- Work request: Up to and including the line holding "2024秋上册五年级语文人教版 第八单元 读书明智——25. 忆读书", write out the data exactly from its first line, but not the pictures.

- Data provided:
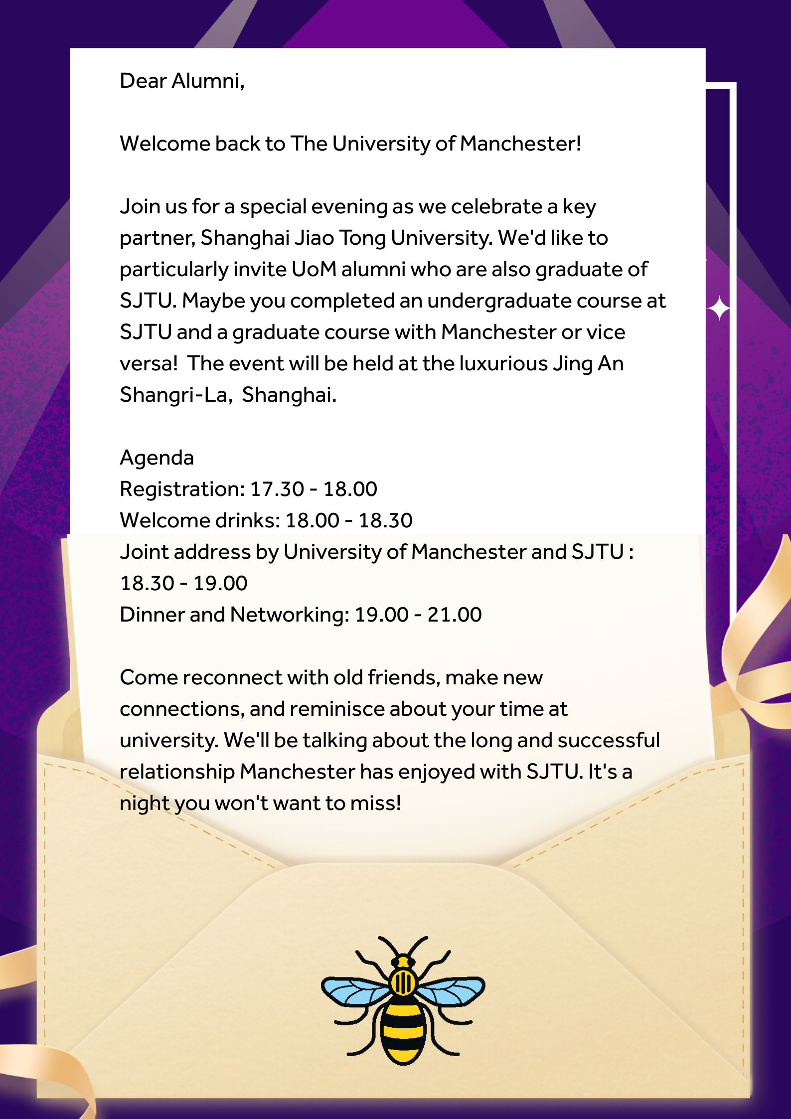 为了让更多的职场精英受益于曼彻斯特大学的优质教育,中国中心持续开展“校友推荐奖励计划”。如果您是曼彻斯特大学的在读生或校友,欢迎您把学习体验及中国中心推广的曼大在职硕士课程分享给家人、同事或朋友。
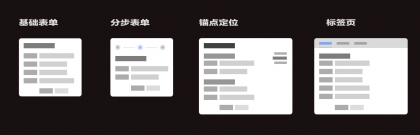 表單在設(shè)計(jì)時(shí)需要對其進(jìn)行合理的歸納簡化,降低表單填寫負(fù)荷。 通常我們將表單分為基礎(chǔ)表單、分步表單、錨點(diǎn)定位、標(biāo)簽頁這幾類。
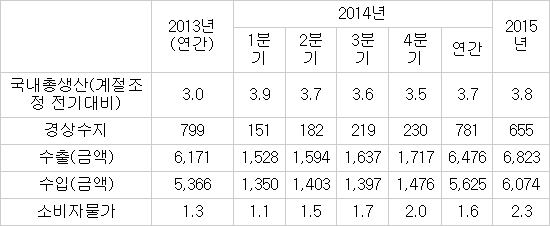 <KDI 2014∼2015년 경제전망 (전년동기대비, %, 억달러)>
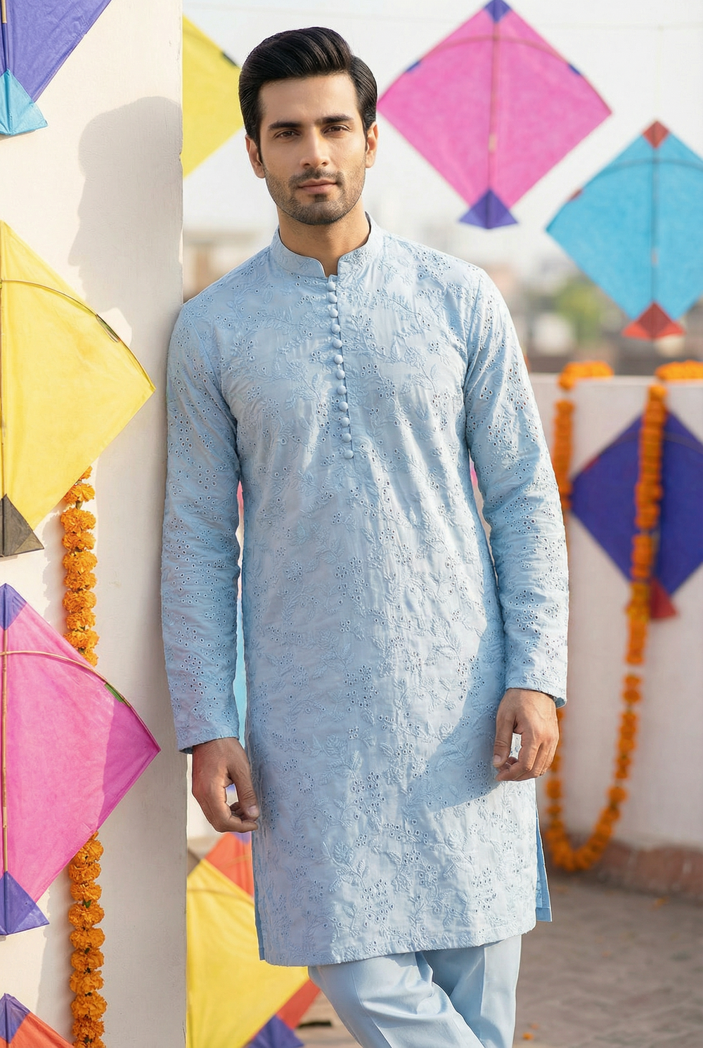 Refresh your festive wardrobe with this Luxury Embroidered Men’s Kurta, designed in a soothing sky blue base with delicate ice blue undertones that add depth and elegance. The refined all-over embroidery creates a graceful texture, giving the kurta a polished yet lightweight feel.
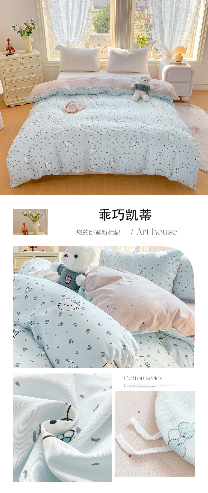 (总)黑马家居 2026新款13070全棉印花小清新卡通花卉四件套系列,饼干熊,彩绘小狗,丛林乐园,乖巧凯蒂,堇紫盈香,凯蒂公主,恐龙派对,懒猫猫,马上有钱,魔法星星人,墨蝶,牛油果,泡泡熊,塞浦路斯,汀兰点素,晚安星星人,星星宝贝,幸运叶,宇航员,紫韶
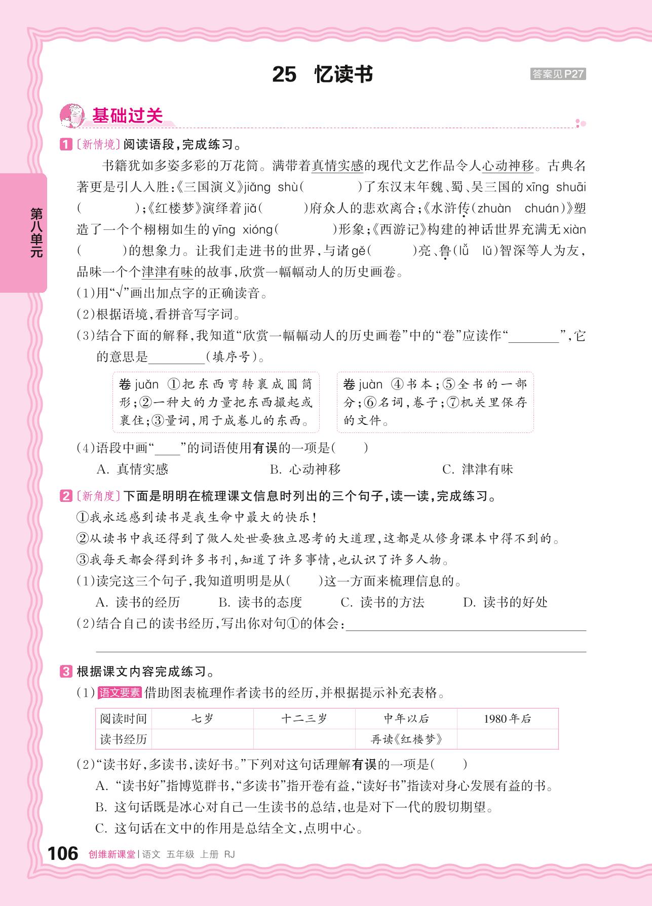 2024秋上册五年级语文人教版 第八单元 读书明智——25. 忆读书
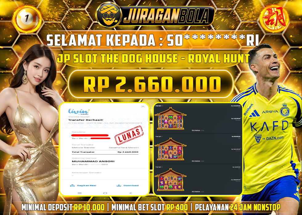Selamat kepada user id: SO********RI telah berhasil mendapatkan kemenangan pada permainan THE DOG HOUSE - ROYAL HUNT dengan kemenangan sebesar Rp.2.660.000, Setelah mengisi formulir withdraw dengan kurang waktu 3-10 menit pihak JURAGANBOLA sudah melakukan transfer kepada pemilik userid dan dana sudah dapat dicairkan oleh pemenang. Bukti pembayaran yang kami berikan merupakan bukti pembayaran yang SAH / VALID yang langsung didapatkan melalui tanda transfer transaksi dari bank resmi indonesia.
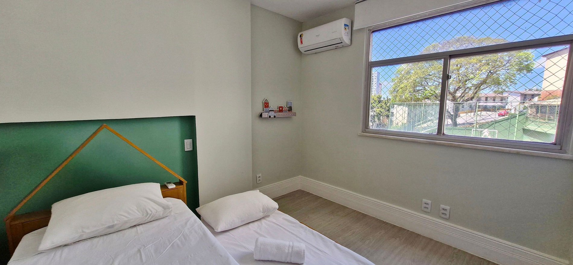 BEDROOM 3 - single bunk bed, split air conditioning, blackout curtain, protective screen, wardrobe with mirror and decorative items
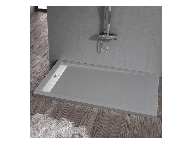 Piatto doccia ultrasottile 90 x 180 cm COSME in resina finitura ardesia cemento
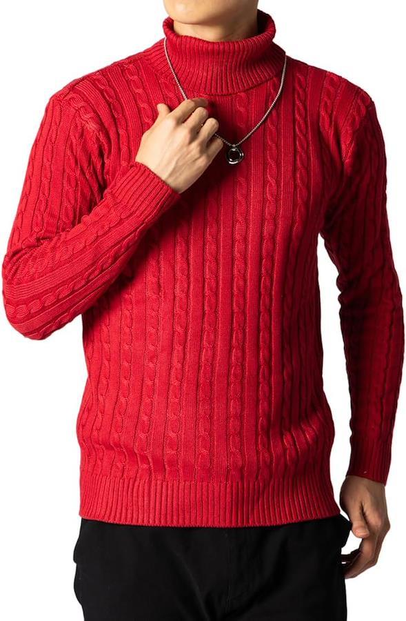 「上品さとスタイリッシュさを兼ね備えた」高いデザイン性とスリムなシルエットが特徴のケーブル編みニットタートルネックセーター。

- Output of the task:
 为了让更多的职场精英受益于曼彻斯特大学的优质教育,中国中心持续开展“校友推荐奖励计划”。如果您是曼彻斯特大学的在读生或校友,欢迎您把学习体验及中国中心推广的曼大在职硕士课程分享给家人、同事或朋友。
 表單在設(shè)計(jì)時(shí)需要對其進(jìn)行合理的歸納簡化,降低表單填寫負(fù)荷。 通常我們將表單分為基礎(chǔ)表單、分步表單、錨點(diǎn)定位、標(biāo)簽頁這幾類。
 <KDI 2014∼2015년 경제전망 (전년동기대비, %, 억달러)>
 Refresh your festive wardrobe with this Luxury Embroidered Men’s Kurta, designed in a soothing sky blue base with delicate ice blue undertones that add depth and elegance. The refined all-over embroidery creates a graceful texture, giving the kurta a polished yet lightweight feel.
 (总)黑马家居 2026新款13070全棉印花小清新卡通花卉四件套系列,饼干熊,彩绘小狗,丛林乐园,乖巧凯蒂,堇紫盈香,凯蒂公主,恐龙派对,懒猫猫,马上有钱,魔法星星人,墨蝶,牛油果,泡泡熊,塞浦路斯,汀兰点素,晚安星星人,星星宝贝,幸运叶,宇航员,紫韶
 2024秋上册五年级语文人教版 第八单元 读书明智——25. 忆读书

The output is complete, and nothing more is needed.